KLH has been shown to produce a more predictable reaction than BCG, with similar results and less side effects.1 5

The best responders are CIS patients, which is a more difficult form of TCC to treat. In one study, of 19 CIS patients, 11 (58%) had a complete response. Ten (50%) of 20 patients with papillary TCC demonstrated a response, and 4 (33%) of the 12 patients with both forms of bladder cancer showed response.6KLH has been shown to be effective against tumor recurrence in bilharzial bladder with papillary TCC. Bilharzia is a form of bladder cancer caused by blood flukes (urinary schistosomiasis), which is mostly found in the tropics, and is the most common cause of TCC in Egypt. In such cases, KLH immunotherapy has been seen to reduce the recurrence rate  to 15.4% compared to 76.9% before therapy.7

Although responses have been noted in patients with advanced disease, bulky tumors do not generally respond to immunotherapy.1 The advantage of KLH is its apparent lack of toxicity.3

More information about KLH
"Intracel"’s website, whose KLH product is called "BCI-ImmuneActivator".
The study protocol is/was: A Randomized, Multicenter Phase III Trial Evaluating the Efficacy and Safety of BCI-ImmuneActivator(tm) (KLH) Versus Adriamycin in BCG Refractory or Intolerant Patients With Carcinoma in Situ With or Without Resected Superficial Papillary Bladder Cancer (Summary Last Modified 10/2000) Protocol IDs: INTRACEL-BCI-9804-04

And Biosyncorp’s Immucothel:

Bropirimine for CIS
Bropirimine is an oral immunomodulator that has demonstrated anticancer activity in transitional cell carcinoma in situ (CIS) in both the bladder and upper urinary tract in a Phase II trial. Activity also has been documented in patients after prior therapy with BCG. Complete response was seen in 21 (24%) of 86 subjects. In 1998 Sarosdy and colleagues suggested that bropirimine may be an alternative to cystectomy for some patients with CIS who have failed or have not tolerated BCG.1

In earlier trials, bropirimine had been shown to be effective in treating approximately 50% of patients with carcinoma in situ (CIS). Ten (48%) of 21 evaluable patients had a negative ureteral cytologic analysis after 12 weeks (5 patients) or 24 weeks (5 patients).

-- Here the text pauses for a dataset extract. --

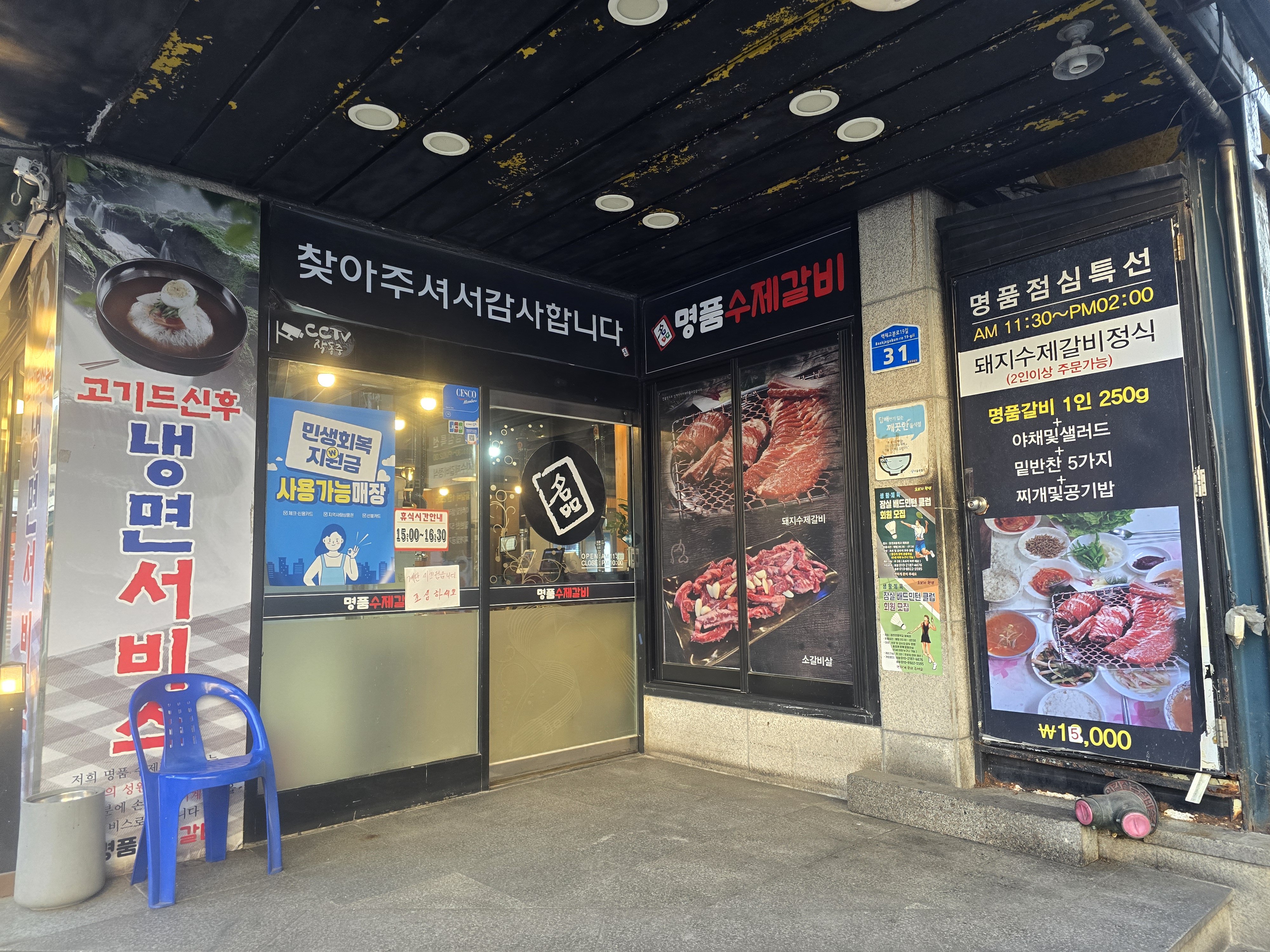 작년 가을 잠실새내역근처 돼지갈비 맛집인 명품수제갈비전문점에 오고 올해 처음으로 방문하였습니다 . 직원들이 친절하고 돼지갈비가 맛있으며 고기를 먹고나서 냉면서비스까지 가성비좋은 고깃집입니다 .

Of these 10 patients, 8 continued to have negative cytology for a period of 3 to 30 months (median, more than 9 months).2

Bropirimine shows promise with low toxicity in most cases, but further evaluation to improve responses and durability is warranted, and Phase III trials for CIS are now in progress.

Although most studies till now have been done on CIS patients, a 1998 study from Japan has shown the usefulness of bropirimine for use in superficial bladder cancer as well. Response rates of approximately 30% were seen in a study involving 17 patients. Adverse reactions were most commonly flu-like symptoms (70%), though all reactions were considered tolerable. The researchers concluded that bropirimine shows efficacy against marker tumors, has a good safety profile and oral activity, and may be useful for the prophylaxis of recurrence following transurethral resection of superficial bladder cancer.3

Although the results from newer intravesical therapies such as IFN, KLH, bropirimine, and PDT are encouraging, to date they have only proven to be useful in the therapy and prophylaxis of superficial TCC and long-term data on the prevention of recurrence, disease progression, and survival are unknown.4

References 1. Immunotherapy in Bladder Cancer With Keyhole Limpet Hemocyanin: A Randomized Study Carlos D. Jurincic, Udo Engelmann, Jorg Gasch, Karl F Klippel Department of Urology and Pathology General Hospital Celle and Department of Urology, University Mainz Fed. Rep. Germany J Urol 1988 Apr;139(4):723-6 PMID: 3127600 UI: 88172648

2. Immunologic Reduction for Bladder Cancer Recurrence Rates Olsson CA, Chute R, Rao CN  J Urol 1974 Feb;111(2):173-6
PMID: 4810758 UI: 74085192

3. Bladder Cancer Therapy Emmanuel Schenkman, M.D. and Donald L. Lamm, M.D. Schenkman and Lamm’s review of the latest statistics and treatments for management of superficial bladder cancer in the Digital Urology Journal

4. Keyhole limpet hemocyanin immunotherapy of murine bladder cancer. Lamm DL; DeHaven JI; Riggs DR; Delgra C; Burrell R
Department of Urology, West Virginia University School of Medicine, Morgantown 26506.Urol Res 1993 Jan;21(1):33-7  PMID: 8456536 UI: 93206415

5. Editorial comment by DL Lamm, following article: Recurrent superficial transition cell carcinom of the bladdera: Adjuvant topical chemotherapy versus immunotherapy a prospective randomized trial Department of Urology, Wilhelminenspital, Hanuschkrankenhaus and Rudolfstiftung, Vienna, Austria  J Urol 1990 Aug;144(2 Pt 1):260-3PMID: 2197428 UI: 90325324

6. Keyhole limpet hemocyanin (KLH) immunontherapy of papillary and in situ transitional cell carcinoma of the bladder. A multicenter phase I-II clinical trial. (Abstract) Lamm, L.D., Morales, A., Grossman, H.B., et al J Urol 1996;  155:A1405.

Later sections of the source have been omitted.